Adding that much more material to Earth’s orbit could increase the risk of space collisions. In the worst-case scenario, too many such crashes in a series could turn the region into a minefield of debris, creating a spiraling space-junk disaster that could cut off our ability to leave Earth.

Already, a near-collision with a Starlink satellite forced the European Space Agency to maneuver its own spacecraft out of the way last year.

To avoid leaving dead spacecraft in orbit (thereby contributing to the accumulation of space junk and increasing risk of collisions), SpaceX has said its satellites will automatically deorbit at the end of their lifespans.

The company appeared to be testing the deorbiting mechanism when one of its satellites fell into Earth’s atmosphere and burned up in February, according to astronomer Jonathan McDowell.

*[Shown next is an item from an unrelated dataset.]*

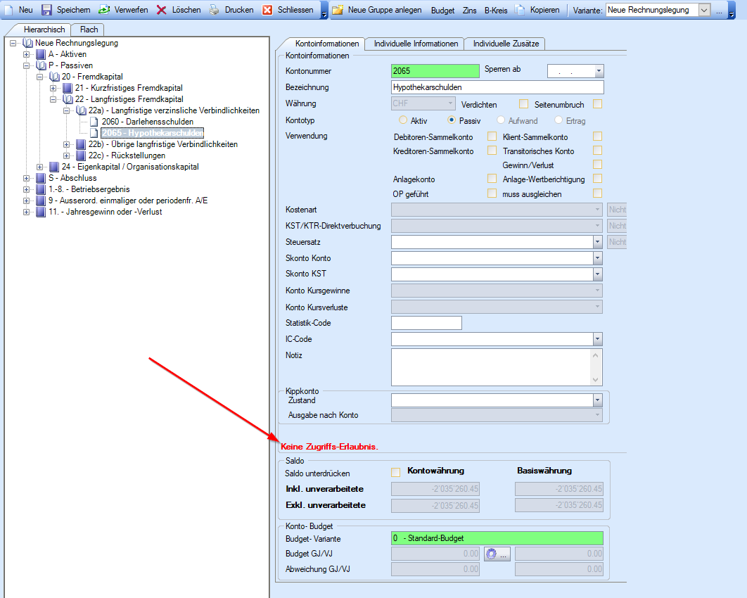 Stammdaten | Konto sichtbar aber nicht ändernbar. Beim Speichern erscheint ein roter Hinweis „Keine Zugriffserlaubniss Wichtiger Hinweis: Legt ein Benutzer ein neues Konto an, so hat er und alle anderen Benutzer automatisch Zugriff auf das Konto. Ausnahme: Wenn ein Benutzer auf gar kein Konto Zugriff hat, wird auch ein neu erfasstes Konto durch einen anderen Benutzer nicht berechtigt. |

After SpaceX launches at least 500 more satellites, the company plans to boot up Starlink, then build toward a floating internet backbone that would bathe most of the planet in ultra-high-speed web access.

“For the system to be economically viable, it’s really on the order of 1,000 satellites,” Musk said in May 2019, “which is obviously a lot of satellites, but it’s way less than 10,000 or 12,000.”

After this batch, the next Starlink launch is scheduled for June 22.